Some friends are bitching that the Occupation is holding up traffic.  They say that the demonstration today inconveniences the wrong people - if the 99% can't get to work on time and their pay is be docked, who does that help?

I can see that revolution often disrupts a person's commute. And I know that stock brokers don't take the subway to work. But one woman I know continues to say the Occupation is misguided because a few waiters in Wall Street restaurants got laid off - as if those jobs weren't tenuous already. As if waiters aren't already getting totally screwed by Wall Street. As if thousands of people without homes and health care should be more sensitive.

Let me say, here, that I am fully aware that there are a lot of Occupiers who are misguided about a lot of things. And certainly there are so many voices represented in the Occupation that it's noisy and unorganized.

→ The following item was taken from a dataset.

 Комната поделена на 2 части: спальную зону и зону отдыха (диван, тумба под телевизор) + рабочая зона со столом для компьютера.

And New Yorkers bitch about anybody who fucks up traffic for any reason.

But when I hear people who have comfortable jobs - who are still barely able to pay their bills, and who will be completely without health care if they get laid off - complaining that the movement is about to lose popular support because we are inconveniencing folks who are trying to get to work, I despair for our future.

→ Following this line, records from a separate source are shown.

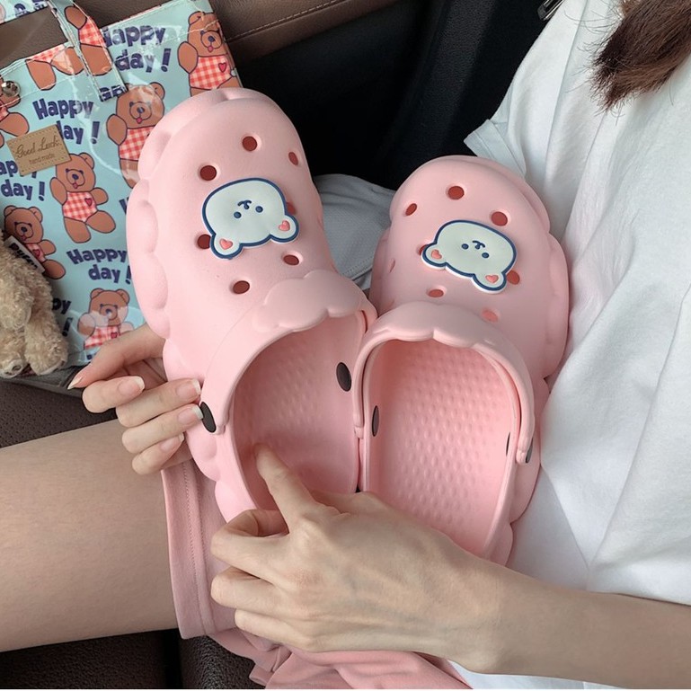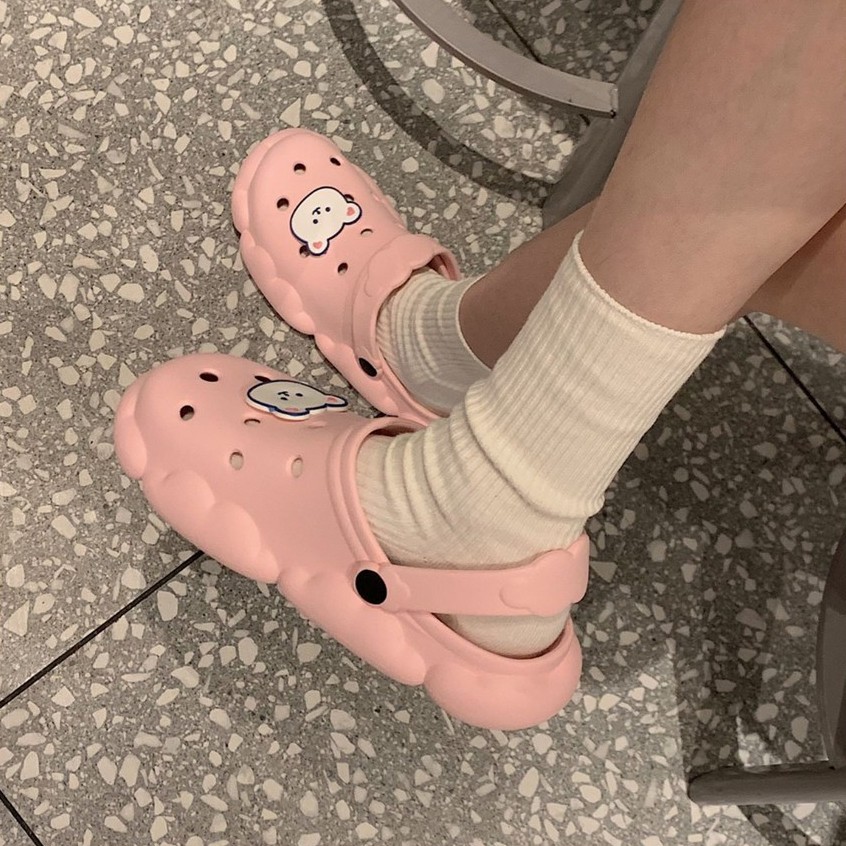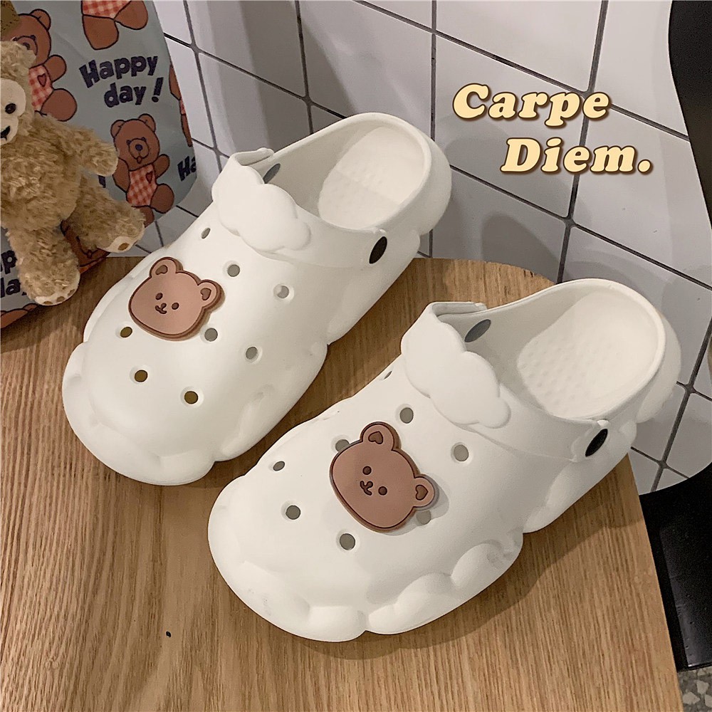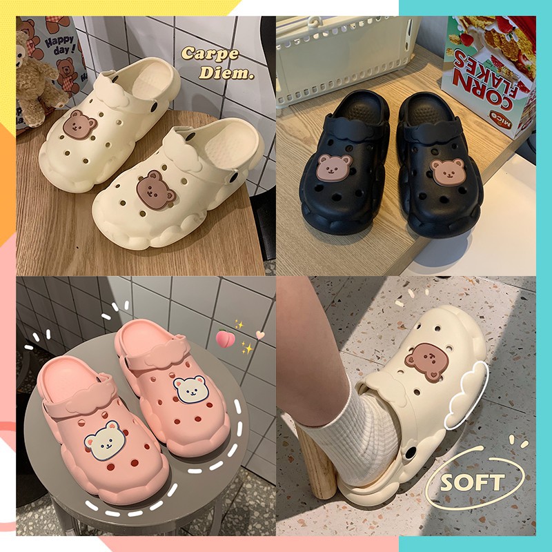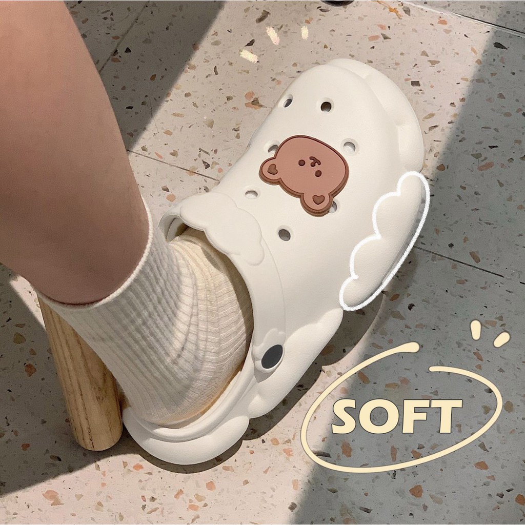 Fshoes 🍄 ✨ความโป๊ะเป็นศูนย์ 💥รองเท้าเเตะแบบสวมทรงก้อนเมฆ☁️ กับ น้องหมี🐻พร้อมสายคาดปุยเมฆน่ารักไปอี๊กกกก🥰
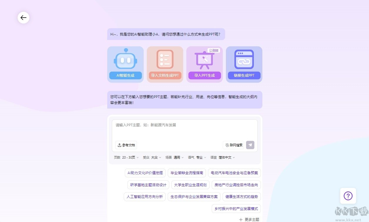 AiPPT(PPT制作工具)是一款智能PPT制作工具,只需要輸入PPT主題或導入Word、Markdown等文檔,就能一鍵生成含大綱、文案和配圖的完整演示文稿,還支持在線編輯生成后的PPT,比如修改文本、圖表、模板等。內置超10w+專業(yè)模板及素材,涵蓋商務、教育、銷售等各行業(yè)PPT模板,能大幅降低PPT制作門檻,適用于職場、教學、營銷等多領域高效辦公。導入docx、xmind、freemind、markdown等格式,軟件可以一鍵將其轉化為PPT!需要的朋友快來下載試試吧!
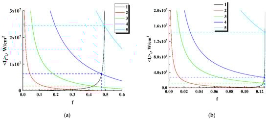Graphical interpretation of the solution of System (11). Curve (1) corresponds to the first equation; curves (2–5) correspond to the second equation at various values of the pump intensity. Horizontal and vertical dashed lines mark unique solutions of (11) for the given pump intensities. (a) R6G-filled local emitter, 1 × 106 W/cm2 (2), 5 × 106 W/cm2 (3), 2 × 107 W/cm2 (4), 8 × 107 W/cm2 (5); (b) DCM-filled local emitter, 1 × 107 W/cm2 (2), 5 × 107 W/cm2 (3), 1 × 108 W/cm2 (4), and 5 × 108 W/cm2 (5).
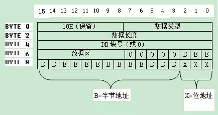 ANY指针 POINTER 是一种用于传递指针的形参数据类型,可视为 POINTER 类型的扩展,较 POINTER 类型为 复杂,长度为 10 个字节,增加的 2 字节,最高字节 (Byte 0) 固定为 B#16#10,第二字节 (Byte 1) 为 ANY 指针所指向区域的数据类型,而接下来的 2 字节 (BYTE 3, 4) 组合为一个 INT,为 ANY 指针所指 定区域的长度,称为重复系数 Repetition factor) 。其余 6 字节作用与 POINTER 类型相同。格式如下: 图7 ANY指针 |

There are plenty of examples of how working within the system, so nobody is inconvenienced, has gotten us no-fucking-where. Two things are stuck in my mind. First, BP and their friends in our government, including Barack Obama, have successfully convinced half of America that everything along the Gulf Coast is fine and dandy. No matter that whole communities are out of work, can't' breathe and have weird skin conditions from the dispersants in the environment. All is well. BP and Haliburton are free to practice business as usual. And secondly, in 40 years of working tirelessly within the system, the LGBT community has achieved the right to get openly shot at in the military - but they still don't have equal protection under the law. In most states, when one partner has been hospitalized, the other cannot visit since s/he isn't family. Both individuals better have their own health care since many employers don't extend benefits to domestic partners. God forbid one dies without a will, leaving the other one homeless and at the mercy of state laws about property. Personally, I don't see how being allowed to serve openly in the military is such a victory for the LGBT community. So many soldiers commit suicide these days instead of reporting for a fifth, sixth or seventh tour of duty in Afghanistan, that the US Military was having serious trouble attracting volunteers.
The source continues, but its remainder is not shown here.